Dass die Schweiz diese Strategie zum Selbstschutz brauchte, wollte Singer auch nicht bestreiten. Im Interview mit der Neuen Zürcher Zeitung (NZZ) hob er aber kurz darauf hervor, dass vieles, was im Zweiten Weltkrieg geschehen sei, noch immer nicht im Bewusstsein des Landes angekommen sei: etwa die Schweizer Flüchtlingspolitik. Sie habe den Nazis bei ihrem "scheußlichsten Verbrechen", dem Holocaust, geholfen.

"Judenstempel" und verbreiteter Antisemitismus

Die Fakten, auf die sich Singer dabei stützte, sind in der Schweiz seit langem bekannt. Spätestens seit einer Veröffentlichung der sogenannten Bergier-Kommission im Jahr 1999 ist die Zurückweisung von Tausenden jüdischen Flüchtlingen an den Schweizer Grenzen öffentlich. 1938 wurde auf Wunsch deutscher Behörden ein "Judenstempel" in den Pässen eingeführt. Dass die Schweiz zudem von August 1942 an grundsätzlich keine "Flüchtlinge aus Rassegründen" mehr aufnahm, war demnach nicht nur Selbstschutz. Das rigide Vorgehen sei auch durch eine weitverbreitete antisemitische Grundhaltung zu erklären, hieß es.

Viele Politiker wehrten sich, verwiesen auf die gefährliche außenpolitische Lage, die Zwänge, denen sich die Eidgenössische Fremdenpolizei gegenüber sah. Auch wenn man heute weiß, dass das Boot längst nicht voll war. Auf dieses häufig bemühte Sprachbild vom überfüllten Rettungsboot, das mit Aufnahme weiterer Schiffbrüchiger zu kentern drohe, hatte sich die offizielle Schweiz verlegt, als sie 1942 beschloss, die Grenzen zu schließen. Dass die Berichte über Konzentrationslager und Massenerschießungen zu diesem Zeitpunkt längst in der Schweiz angekommen waren, lässt sich klar belegen.

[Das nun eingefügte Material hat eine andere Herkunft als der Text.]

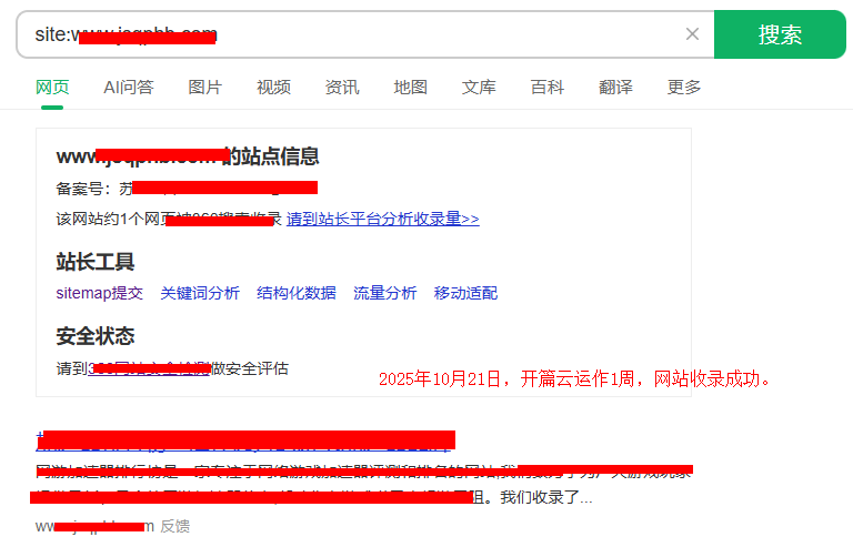 2025年10月21日,網站360搜索收錄網站成功

Dennoch irritierte Ueli Maurer, Politiker des rechtspopulistischen Schweizerischen Volkspartei, Anfang 2013 die jüdische Gemeinschaft und Historiker. Der damalige Bundespräsident Maurer lobte die Schweiz als "Insel für viele Bedrohte und Verfolgte". Dass aber Tausende Flüchtlinge in den sicheren Tod abgeschoben wurden, ließ er unerwähnt. Eine Auslassung, die als bewusste Schönfärberei interpretiert wurde. "Wann endlich macht die Schweiz Frieden mit ihrer Geschichte?" fragten Zeitungen.